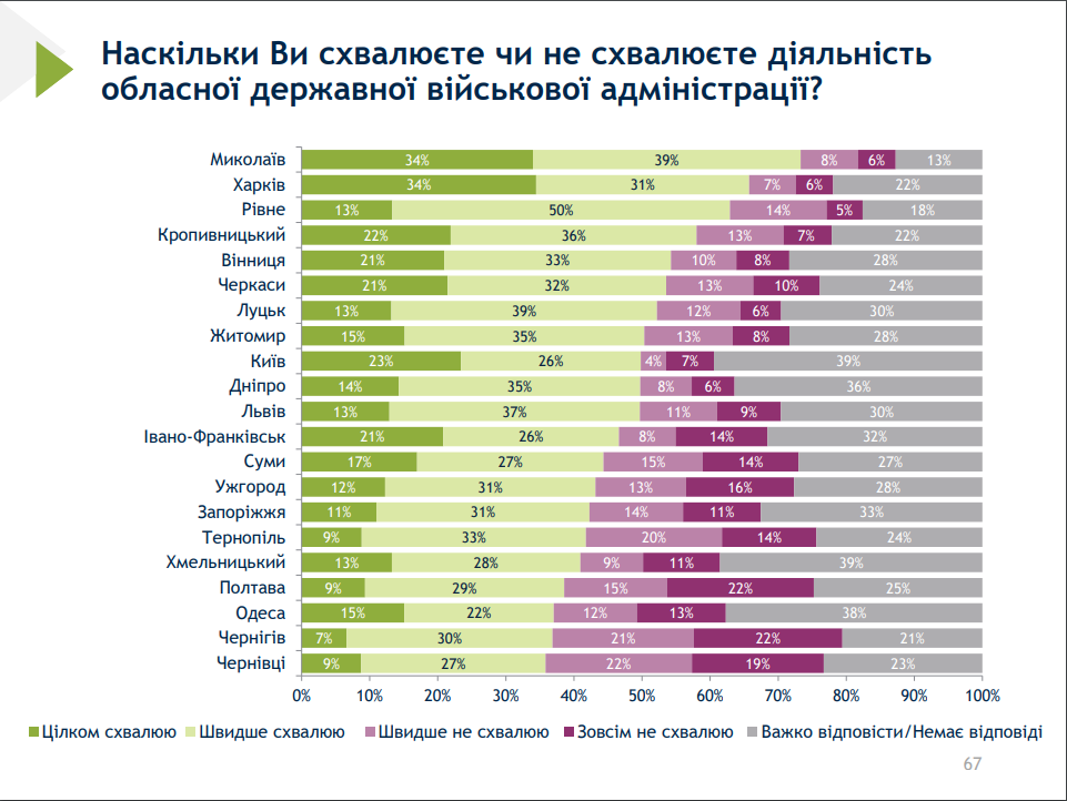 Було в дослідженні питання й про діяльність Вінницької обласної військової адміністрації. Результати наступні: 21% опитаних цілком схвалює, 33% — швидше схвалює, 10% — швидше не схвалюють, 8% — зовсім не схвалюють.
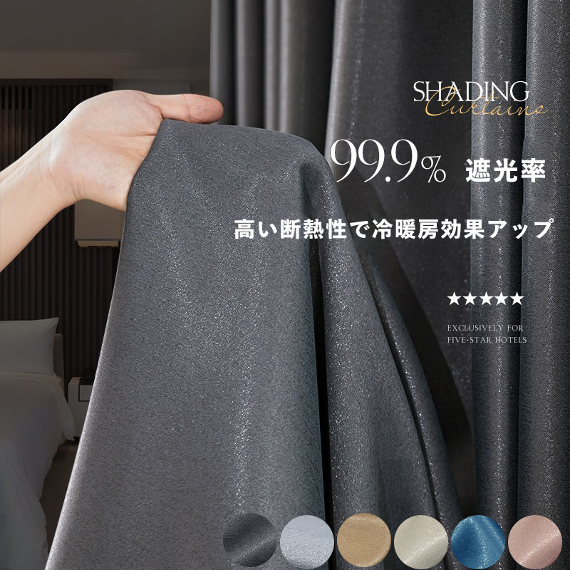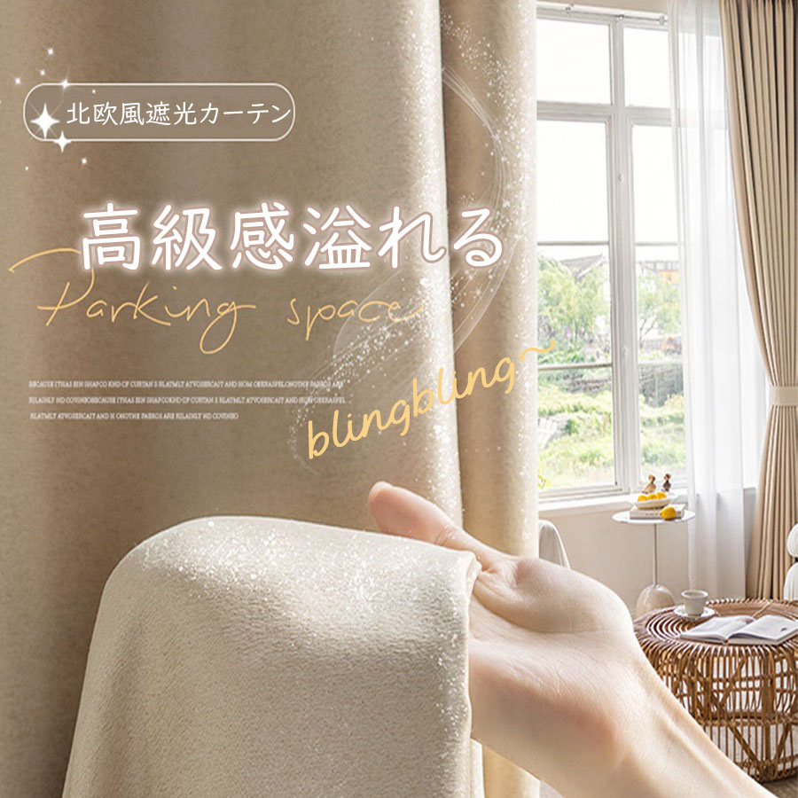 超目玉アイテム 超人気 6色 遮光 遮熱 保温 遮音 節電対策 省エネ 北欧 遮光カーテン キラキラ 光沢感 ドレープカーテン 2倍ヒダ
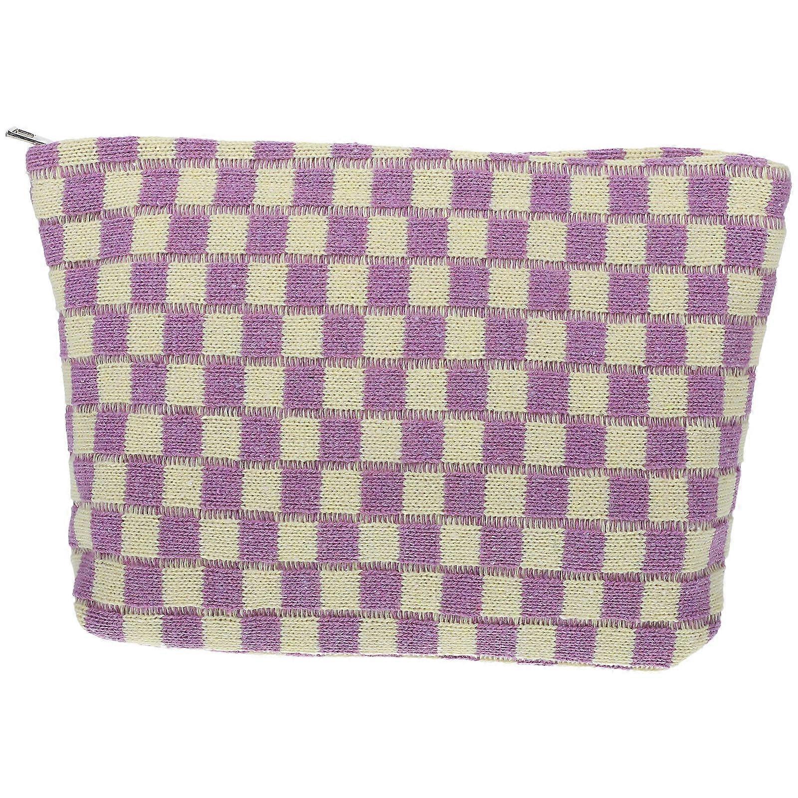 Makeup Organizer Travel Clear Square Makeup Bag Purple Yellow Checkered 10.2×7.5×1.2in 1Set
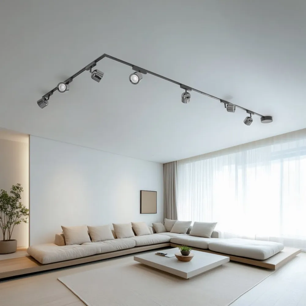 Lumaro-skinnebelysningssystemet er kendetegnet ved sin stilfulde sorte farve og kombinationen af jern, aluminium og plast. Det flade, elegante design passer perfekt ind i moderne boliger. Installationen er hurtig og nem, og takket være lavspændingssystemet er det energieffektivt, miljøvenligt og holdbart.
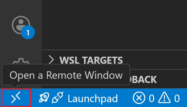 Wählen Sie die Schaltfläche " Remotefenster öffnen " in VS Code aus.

####

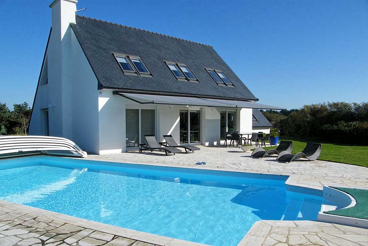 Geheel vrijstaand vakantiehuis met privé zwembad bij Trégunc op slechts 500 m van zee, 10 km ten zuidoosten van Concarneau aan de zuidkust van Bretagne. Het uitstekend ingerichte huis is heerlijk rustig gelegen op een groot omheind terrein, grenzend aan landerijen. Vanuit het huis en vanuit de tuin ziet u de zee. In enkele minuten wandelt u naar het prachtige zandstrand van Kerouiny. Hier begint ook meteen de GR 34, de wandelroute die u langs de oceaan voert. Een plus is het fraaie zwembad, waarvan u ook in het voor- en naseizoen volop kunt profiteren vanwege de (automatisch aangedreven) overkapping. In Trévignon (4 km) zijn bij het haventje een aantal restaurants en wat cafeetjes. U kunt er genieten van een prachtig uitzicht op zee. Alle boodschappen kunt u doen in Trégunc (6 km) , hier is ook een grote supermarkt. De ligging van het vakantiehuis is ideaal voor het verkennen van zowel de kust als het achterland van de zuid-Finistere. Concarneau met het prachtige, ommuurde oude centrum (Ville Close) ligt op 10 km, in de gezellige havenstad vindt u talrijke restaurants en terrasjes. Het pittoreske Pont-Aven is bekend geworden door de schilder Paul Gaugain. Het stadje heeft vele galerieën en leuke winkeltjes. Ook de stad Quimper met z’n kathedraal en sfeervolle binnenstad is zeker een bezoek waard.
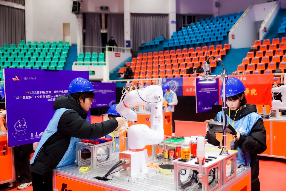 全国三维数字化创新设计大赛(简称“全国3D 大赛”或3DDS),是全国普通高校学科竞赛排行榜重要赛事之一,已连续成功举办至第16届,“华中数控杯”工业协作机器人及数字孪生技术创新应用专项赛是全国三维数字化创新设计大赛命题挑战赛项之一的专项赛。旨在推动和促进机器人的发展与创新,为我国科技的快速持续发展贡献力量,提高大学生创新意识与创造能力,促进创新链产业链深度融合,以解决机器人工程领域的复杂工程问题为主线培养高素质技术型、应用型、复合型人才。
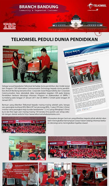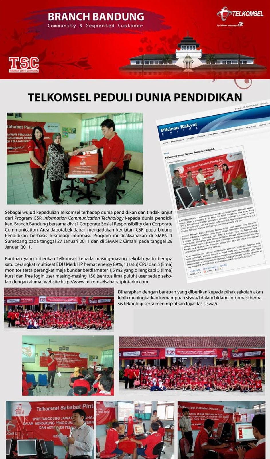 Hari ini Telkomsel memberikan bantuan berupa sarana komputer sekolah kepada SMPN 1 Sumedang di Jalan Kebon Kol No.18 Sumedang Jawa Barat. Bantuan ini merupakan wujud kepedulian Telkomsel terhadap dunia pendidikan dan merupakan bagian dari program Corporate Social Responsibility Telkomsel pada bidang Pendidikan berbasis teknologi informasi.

####

*Task to carry out:* Although pictures appear among the entries, please set down only the lines from the one with "Було в дослідженні" up to and including the one with "Wählen Sie die", word for word.

*Reply to the exercise:*
 Було в дослідженні питання й про діяльність Вінницької обласної військової адміністрації. Результати наступні: 21% опитаних цілком схвалює, 33% — швидше схвалює, 10% — швидше не схвалюють, 8% — зовсім не схвалюють.
 超目玉アイテム 超人気 6色 遮光 遮熱 保温 遮音 節電対策 省エネ 北欧 遮光カーテン キラキラ 光沢感 ドレープカーテン 2倍ヒダ
 Makeup Organizer Travel Clear Square Makeup Bag Purple Yellow Checkered 10.2×7.5×1.2in 1Set
 Lumaro-skinnebelysningssystemet er kendetegnet ved sin stilfulde sorte farve og kombinationen af jern, aluminium og plast. Det flade, elegante design passer perfekt ind i moderne boliger. Installationen er hurtig og nem, og takket være lavspændingssystemet er det energieffektivt, miljøvenligt og holdbart.
 Wählen Sie die Schaltfläche " Remotefenster öffnen " in VS Code aus.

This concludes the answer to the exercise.